╭──
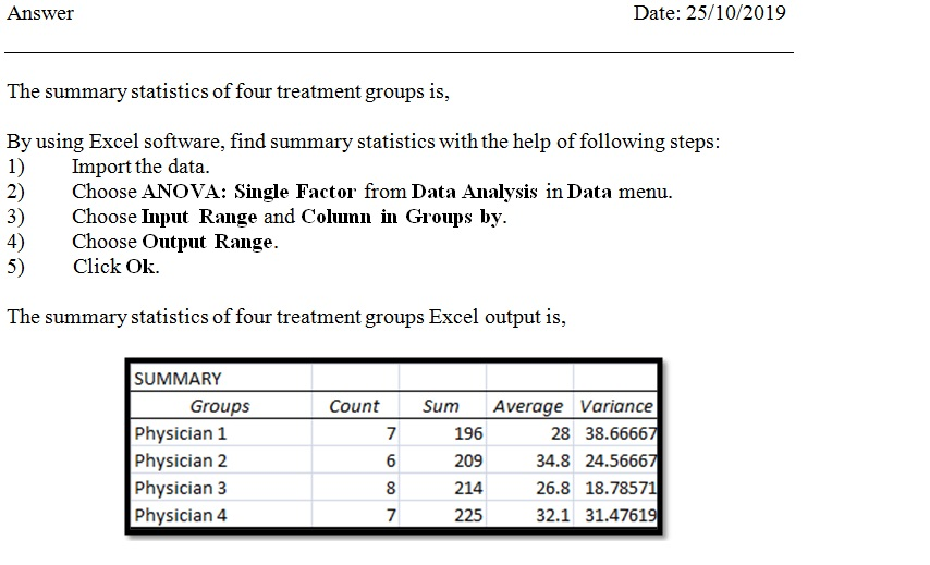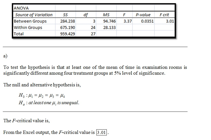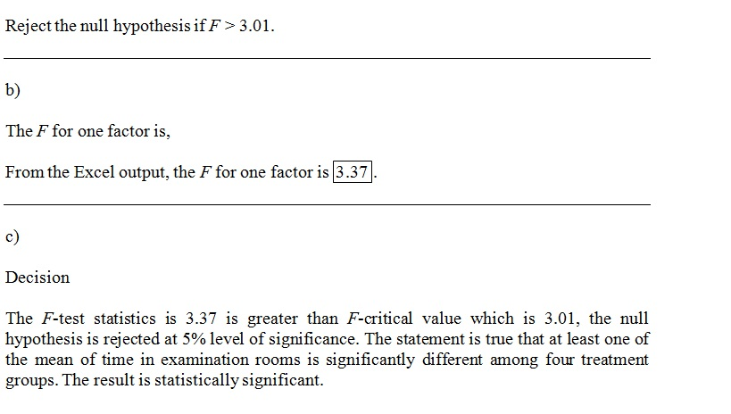 One particular morning, the length of time spent in the examination rooms is recorded for each patient seen by each physician at an orthopedic clinic. |
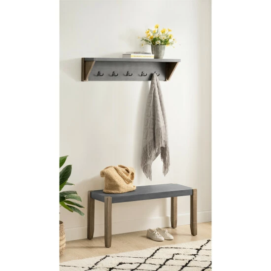 - A natural seagrass, rush bench seat with light amber wood creates a modern mix; coat hook with faux concrete and light amber wood
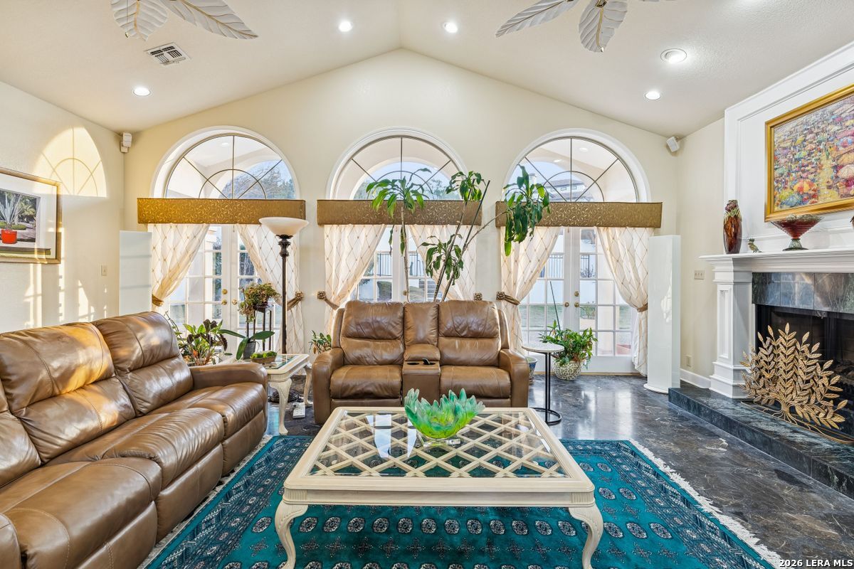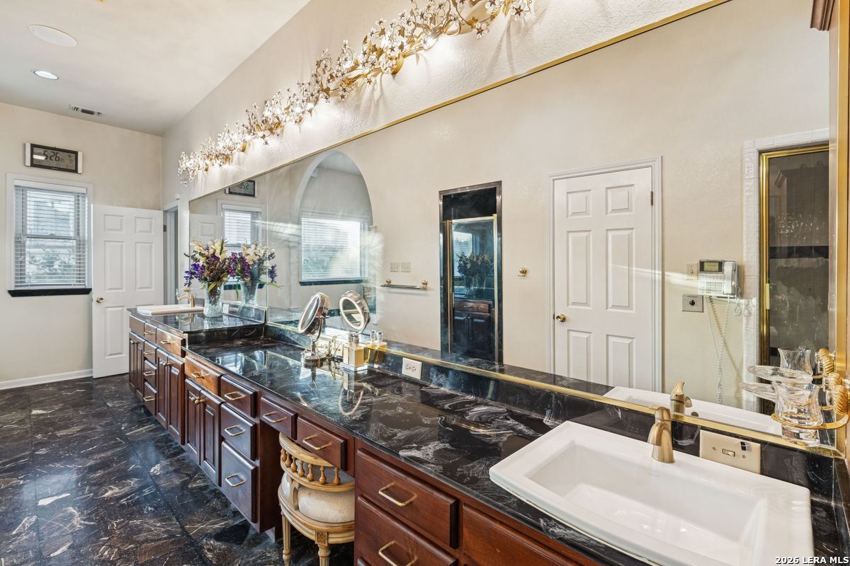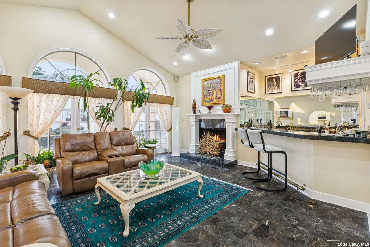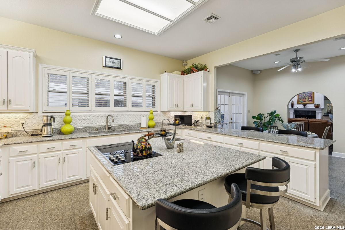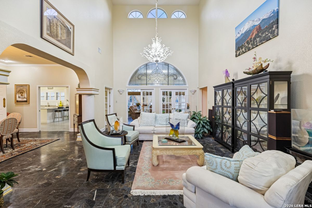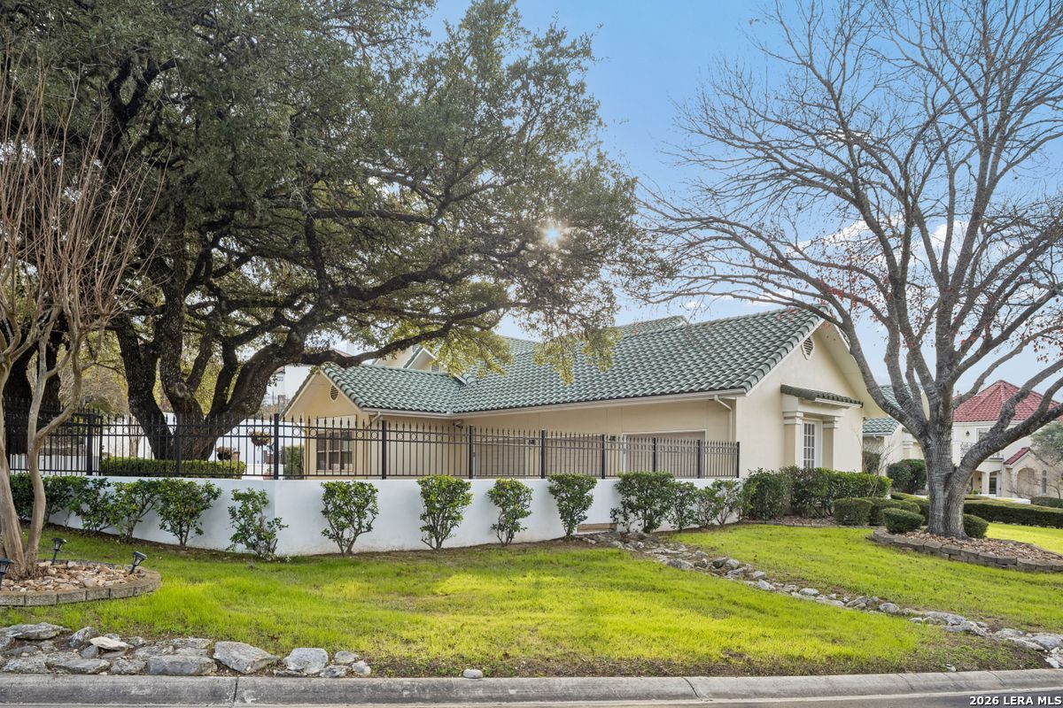Showings Begin on Saturday 1/31/26 at 9 AM. Exquisite single-story home located in The Dominion. The breathtaking two-story foyer sets the tone for the grandeur of the home. The formal living and dining areas boast refined finishes and ample natural light. In the heart of the home, the expansive family room showcases a full bar and flows into the chef's kitchen, equipped with KitchenAid and JennAir appliances, an oversized island and a separate informal dining area. The butler's pantry is a perfect addition for entertaining guests and large family gatherings. Views of the parklike back yard, as well as outdoor access, are enjoyed from both the kitchen and family room. Completing the home is a study, with beautiful custom shelving, and three spacious bedrooms, in addition to the Primary Suite. Within the primary suite is a fireplace, a generous custom closet and a spa like bath equipped with a soaking tub, walk-in shower, and a steam shower. The oversized three car garage provides ample parking and storage for all members of the family! This exceptional home is the perfect blend of sophistication and comfort with the opportunity to customize it as your own!
╰──
# What to do:
Please give again only those lines that run from the one containing "- A natural" through the final line of the listing, both included, exactly as written and without pictures.

# Task result:
 - A natural seagrass, rush bench seat with light amber wood creates a modern mix; coat hook with faux concrete and light amber wood
Showings Begin on Saturday 1/31/26 at 9 AM. Exquisite single-story home located in The Dominion. The breathtaking two-story foyer sets the tone for the grandeur of the home. The formal living and dining areas boast refined finishes and ample natural light. In the heart of the home, the expansive family room showcases a full bar and flows into the chef's kitchen, equipped with KitchenAid and JennAir appliances, an oversized island and a separate informal dining area. The butler's pantry is a perfect addition for entertaining guests and large family gatherings. Views of the parklike back yard, as well as outdoor access, are enjoyed from both the kitchen and family room. Completing the home is a study, with beautiful custom shelving, and three spacious bedrooms, in addition to the Primary Suite. Within the primary suite is a fireplace, a generous custom closet and a spa like bath equipped with a soaking tub, walk-in shower, and a steam shower. The oversized three car garage provides ample parking and storage for all members of the family! This exceptional home is the perfect blend of sophistication and comfort with the opportunity to customize it as your own!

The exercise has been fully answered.